Internally the time mean is removed (per default) from the data before it is reconstructed. The time mean is also added back when the file is saved. However, the mean is undefined for for are pixels in the data defined as valid (sea) by the mask which do not have any valid data in the training dataset.

See DINCAE.load_gridded_nc for more information about the netCDF file.

DINCAE.reconstruct_pointsMethod
DINCAE.reconstruct_points(T,Atype,filename,varname,grid,fnames_rec )

Mandatory parameters:

  • T: Float32 or Float64: float-type used by the neural network
  • Array{T} or KnetArray{T}: array-type used by the neural network.
  • filename: NetCDF file in the format described below.
  • varname: name of the primary variable in the NetCDF file.
  • grid: tuple of ranges with the grid in the longitude and latitude direction e.g. (-180:1:180,-90:1:90).
  • fnames_rec: NetCDF file names of the reconstruction.

Optional parameters:

  • jitter_std_pos: standard deviation of the noise to be added to the position of the observations (default (5,5))
  • auxdata_files: gridded auxiliary data file for a multivariate reconstruction. auxdata_files is an array of named tuples with the fields (filename, the file name of the NetCDF file, varname the NetCDF name of the primary variable and errvarname the NetCDF name of the expected standard deviation error). For example:
  • probability_skip_for_training: For a given time step n, every track from the same time step n will be skipped by this probability during training (default 0.2). This does not affect the tracks from previous (n-1,n-2,..) and following time steps (n+1,n+2,...). The goal of this parameter is to force the neural network to learn to interpolate the data in time.
  • paramfile: the path of the file (netCDF) where the parameter values are stored (default: nothing).

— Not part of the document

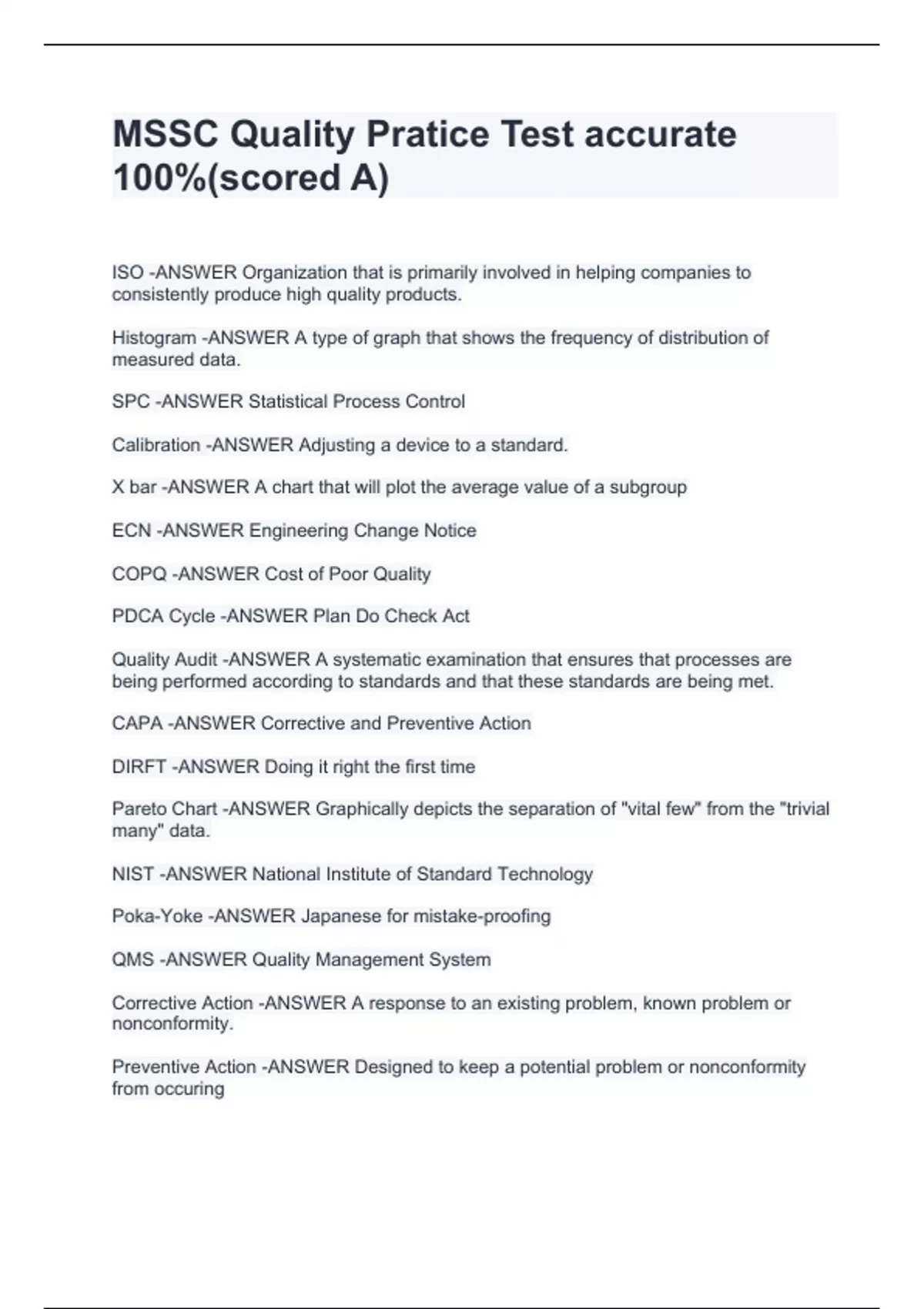 MSSC Quality Pratice Test accurate 100%(scored A) ISO -ANSWER Organization that is primarily involved in helping companies to consistently produce high quality products. Histogram -ANSWER A type of graph that shows the frequency of distribution of measured data. SPC -ANSWER Statistical Process Control Calibration -ANSWER Adjusting a device to a standard. X bar -ANSWER A chart that will plot the average value of a subgroup ECN -ANSWER Engineering Change Notice COPQ -ANSWER Cost of Poor Quality PDCA Cycle -ANSWER Plan Do Check Act Quality Audit -ANSWER A systematic examination that ensures that processes are being performed according to standards and that these standards are being met. CAPA -ANSWER Corrective and Preventive Action DIRFT -ANSWER Doing it right the first time

For example, a single entry of auxdata_files could be:

auxdata_files = [
  (filename = "big-sst-file.nc"),
   varname = "SST",
   errvarname = "SST_error")]

The data in the file should already be interpolated on the targed grid. The file structure of the NetCDF file is described in DINCAE.load_gridded_nc. The fields defined in this file should not have any missing value (see DIVAnd.ufill).

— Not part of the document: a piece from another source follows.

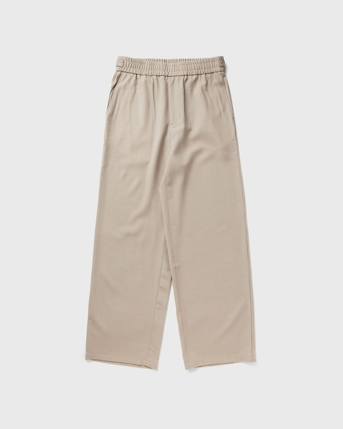 The AMI Paris Wool Elasticated Trousers combine classic style with modern comfort. Made from lightweight wool twill, they offer a relaxed fit with an elasticated waistband for optimal freedom of movement. The clean lines and minimalist aesthetic make them versatile. - Elasticated waistband - Zip fastening - Patch pockets on the back - Ami de Coeur rivet on the back pocket - Buckle straps in nickel color Article Number: HTR827.WV0066-229 Gender: Men Color: CAFE CREME Material: 100% Wool

See DINCAE.reconstruct for other optional parameters.

An (minimal) example of the NetCDF file is:

netcdf all-sla.train {
dimensions:
	time_instances = 9628 ;
	obs = 7445528 ;
variables:
	int64 size(time_instances) ;
		size:sample_dimension = "obs" ;
	double dates(time_instances) ;
		dates:units = "days since 1900-01-01 00:00:00" ;
	float sla(obs) ;
	float lon(obs) ;
	float lat(obs) ;
	int64 id(obs) ;
	double dtime(obs) ;
		dtime:long_name = "time of measurement" ;
		dtime:units = "days since 1900-01-01 00:00:00" ;
}

The file should contain the variables lon (longitude), lat (latitude), dtime (time of measurement) and id (numeric identifier, only used by post processing scripts) and dates (time instance of the gridded field). The file should be in the contiguous ragged array representation as specified by the CF convention allowing to group data points into "features" (e.g. tracks for altimetry). Every feature can also contain a single data point.